Your task → Everything in the data should be repeated exactly, save for the images.

*** Dataset content

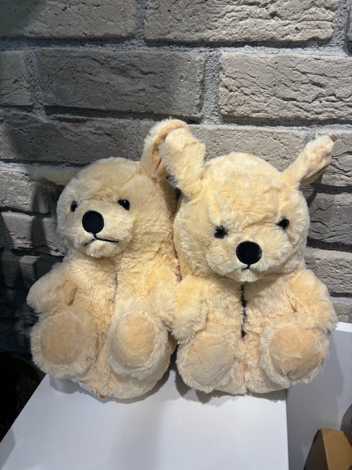 Pastel tonlarda, yumuşak dokulu bej peluş ayıcık ve tavşan Ev panduf
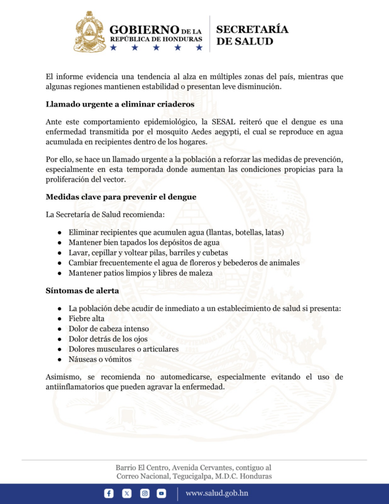 Síntomas de alerta: La población debe acudir de inmediato a un centro de salud si presenta fiebre alta, dolor de cabeza intenso, dolor detrás de los ojos, náuseas, vómitos o dolores musculares y articulares. Las autoridades enfatizan la importancia de no automedicarse, especialmente evitando antiinflamatorios que pueden agravar la condición del paciente.
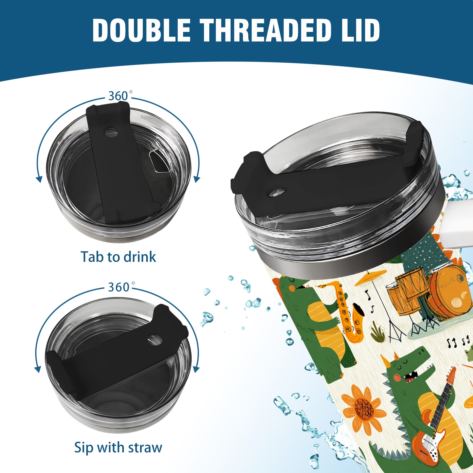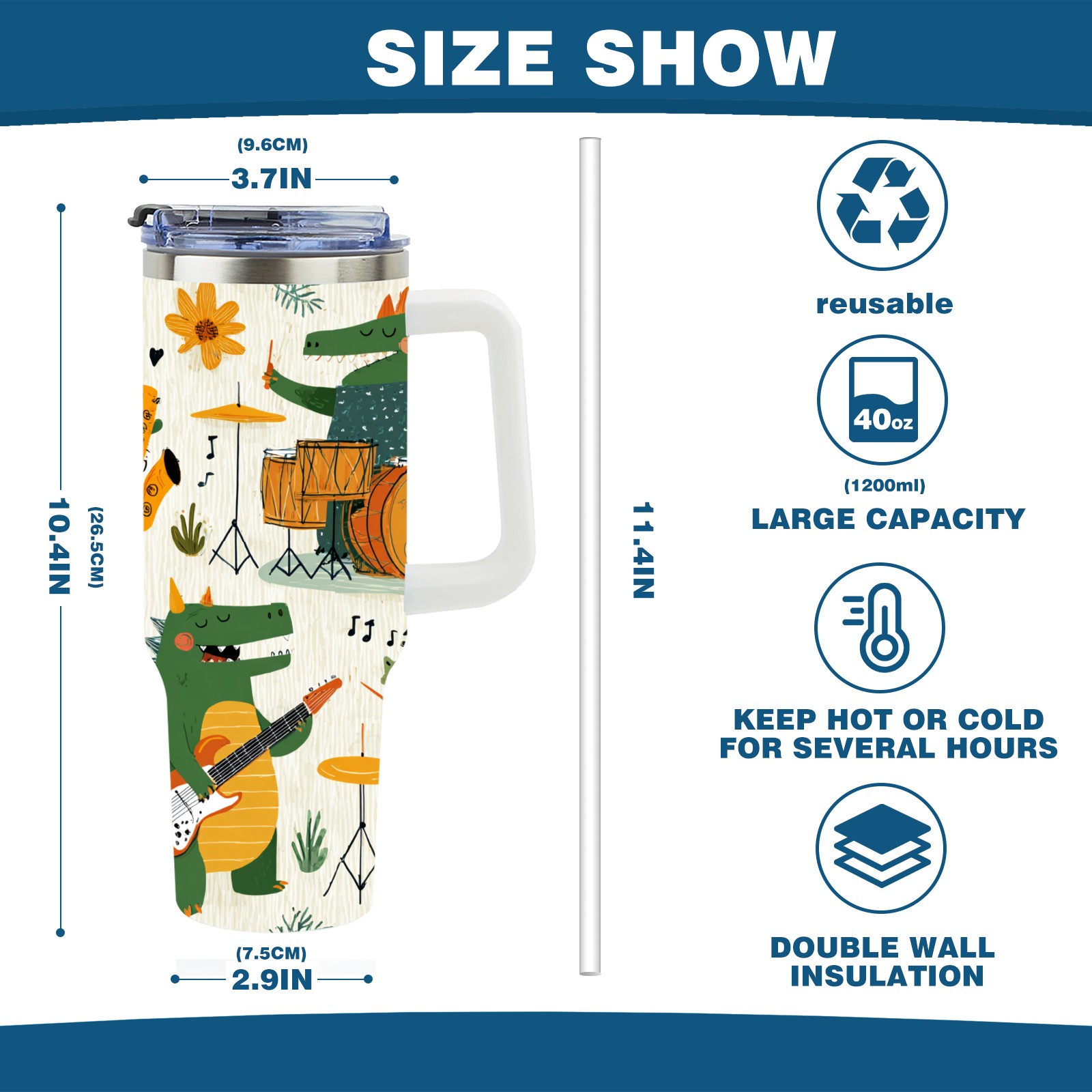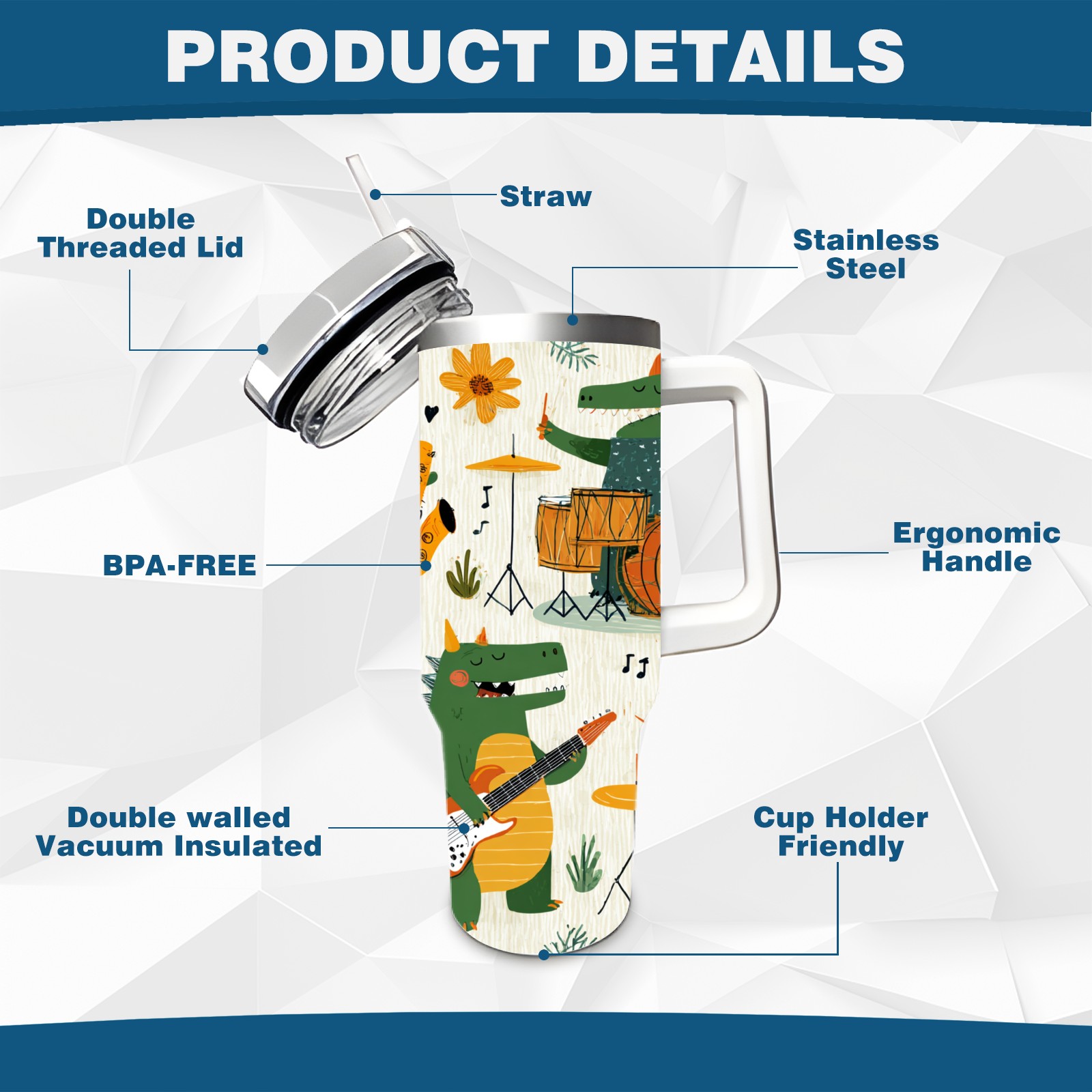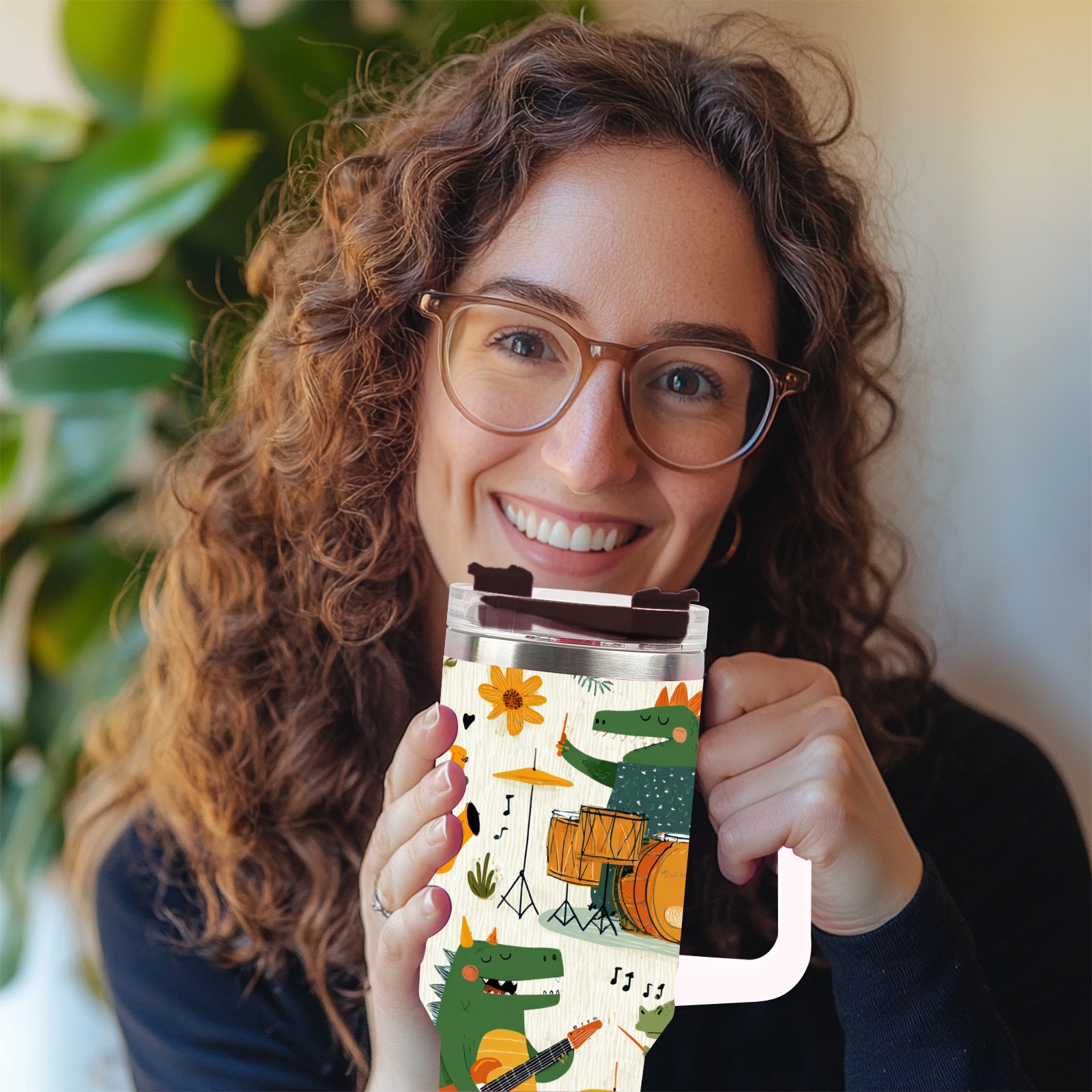 40 унций полностью напечатанный автомобильный стакан Cheerful Dinosaur Green

******

Reply to the exercise →
 Pastel tonlarda, yumuşak dokulu bej peluş ayıcık ve tavşan Ev panduf
 Síntomas de alerta: La población debe acudir de inmediato a un centro de salud si presenta fiebre alta, dolor de cabeza intenso, dolor detrás de los ojos, náuseas, vómitos o dolores musculares y articulares. Las autoridades enfatizan la importancia de no automedicarse, especialmente evitando antiinflamatorios que pueden agravar la condición del paciente.
 40 унций полностью напечатанный автомобильный стакан Cheerful Dinosaur Green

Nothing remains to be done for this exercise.